In Uncommon Genius, here’s how Denise Shekerjian describes Lester Brown’s process for discovering what works for him:
Biography and India set him to wondering about his own limits. And so, as a young boy, he started to pay attention and stopped letting things slide…. As he met challenges, he examined all the angles. He asked himself how he felt about this or that, and why he was afraid in certain situations, and how much risk he thought he could handle, and how he felt about competition, and how much could be accomplished in the space of an hour, and how a decision about this would affect something else…He was interested in seeing what he was made of.
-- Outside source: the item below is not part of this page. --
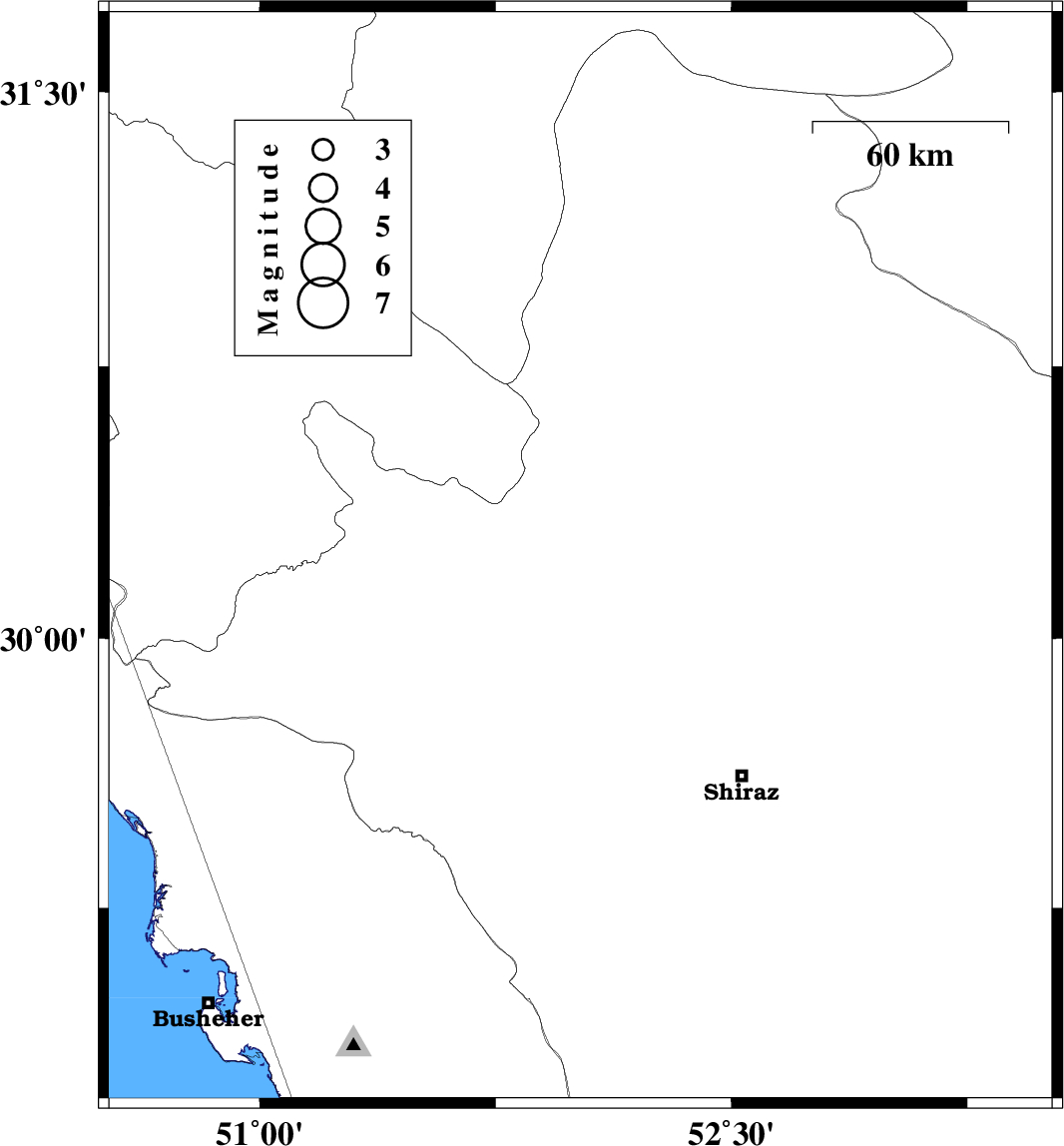 | 2012/01/21 | 18:43:09.3 | 22:13:09.3 | 30.22 | 52.02 | 14 | ML:3.3 | Fars Province, 6 km Ardakan |

He started testing and probing and he never stopped. The result is he knows himself very well and that inner knowledge is what he relies on in trying to avoid mistakes and in managing defeats.
And in doing this he was following a practice that goes back more than 2000 years:
Can a man be said, do you think, to know himself who knows his own name and nothing more? or must he not rather set to work precisely like the would-be purchaser of a horse, who certainly does not think that he has got the knowledge he requires until he has discovered whether the beast is tractable or stubborn, strong or weak, quick or slow, and how it stands with the other points, serviceable or the reverse, in reference to the use and purpose of a horse? So, I say, must a man in like manner interrogate his own nature in reference to a man's requirements, and learn to know his own capacities, must he not?
~ Socrates
The point is that by becoming aware of our strengths, weaknesses and propensities we become better able to tailor our strategies both for learning and for life in general to accommodate this knowledge and achieve success. And in doing so, we enlarge those very capacities.